### Task goal
Below this line are records; transcribe exactly the lines between the one holding "- 멀티차트가 같은 종목으로 연동되어 표시됩니다." and the one holding "根据教育部《关于做好普通高中", inclusive, and omit the pictures.

### Input data
== Segment start ==
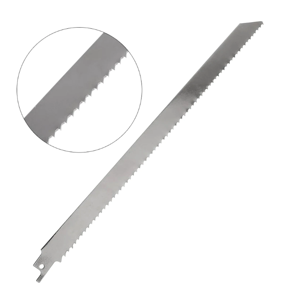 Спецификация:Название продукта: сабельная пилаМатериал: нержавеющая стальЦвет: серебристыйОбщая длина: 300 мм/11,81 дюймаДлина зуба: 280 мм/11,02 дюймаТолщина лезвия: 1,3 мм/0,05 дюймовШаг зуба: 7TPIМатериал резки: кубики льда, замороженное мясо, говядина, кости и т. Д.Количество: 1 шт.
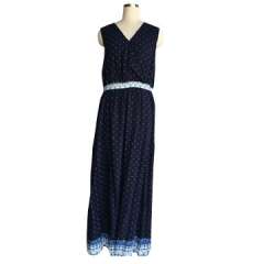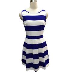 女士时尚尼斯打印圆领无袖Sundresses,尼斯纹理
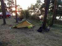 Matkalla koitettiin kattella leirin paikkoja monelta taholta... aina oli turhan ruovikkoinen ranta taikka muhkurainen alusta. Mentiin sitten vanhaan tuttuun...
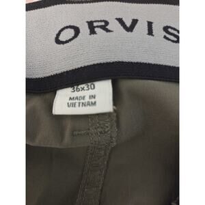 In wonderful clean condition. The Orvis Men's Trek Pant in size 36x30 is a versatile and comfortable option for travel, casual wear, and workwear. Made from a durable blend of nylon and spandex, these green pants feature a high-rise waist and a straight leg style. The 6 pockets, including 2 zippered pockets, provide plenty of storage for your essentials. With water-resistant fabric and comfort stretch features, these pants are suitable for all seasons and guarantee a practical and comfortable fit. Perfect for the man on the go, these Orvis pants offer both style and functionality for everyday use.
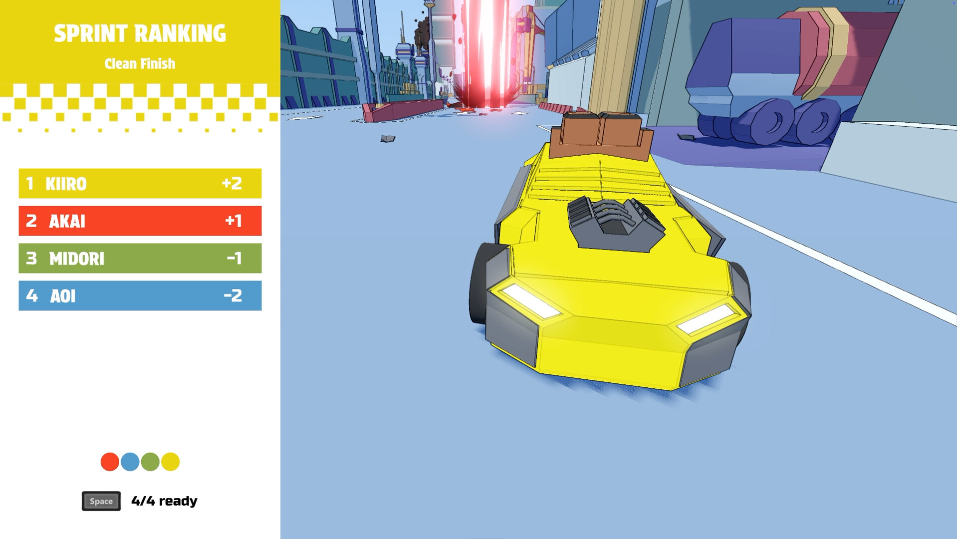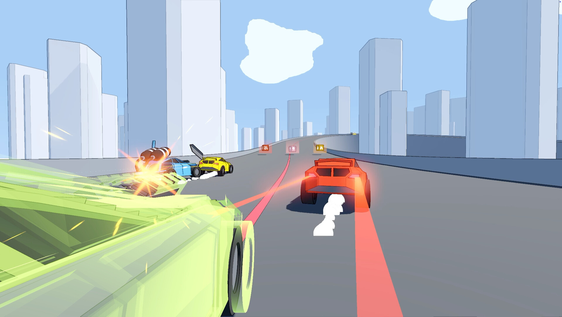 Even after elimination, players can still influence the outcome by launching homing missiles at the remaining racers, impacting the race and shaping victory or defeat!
== Segment end ==
== Segment start ==
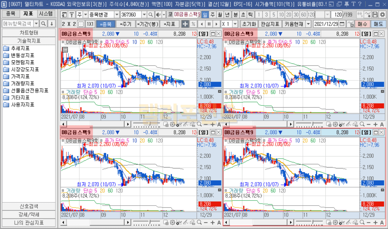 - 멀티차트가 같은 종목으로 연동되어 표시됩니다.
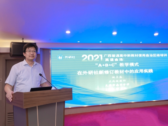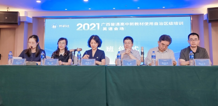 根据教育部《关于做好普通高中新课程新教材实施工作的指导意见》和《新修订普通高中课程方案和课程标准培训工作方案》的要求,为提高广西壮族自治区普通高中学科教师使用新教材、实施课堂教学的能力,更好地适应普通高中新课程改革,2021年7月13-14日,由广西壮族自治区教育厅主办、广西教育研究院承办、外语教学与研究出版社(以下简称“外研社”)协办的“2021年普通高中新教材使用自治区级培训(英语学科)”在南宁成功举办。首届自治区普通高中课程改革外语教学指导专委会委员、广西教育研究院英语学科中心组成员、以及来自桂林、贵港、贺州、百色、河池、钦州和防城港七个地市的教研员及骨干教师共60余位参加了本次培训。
== Segment end ==
### Written answer
 - 멀티차트가 같은 종목으로 연동되어 표시됩니다.
 根据教育部《关于做好普通高中新课程新教材实施工作的指导意见》和《新修订普通高中课程方案和课程标准培训工作方案》的要求,为提高广西壮族自治区普通高中学科教师使用新教材、实施课堂教学的能力,更好地适应普通高中新课程改革,2021年7月13-14日,由广西壮族自治区教育厅主办、广西教育研究院承办、外语教学与研究出版社(以下简称“外研社”)协办的“2021年普通高中新教材使用自治区级培训(英语学科)”在南宁成功举办。首届自治区普通高中课程改革外语教学指导专委会委员、广西教育研究院英语学科中心组成员、以及来自桂林、贵港、贺州、百色、河池、钦州和防城港七个地市的教研员及骨干教师共60余位参加了本次培训。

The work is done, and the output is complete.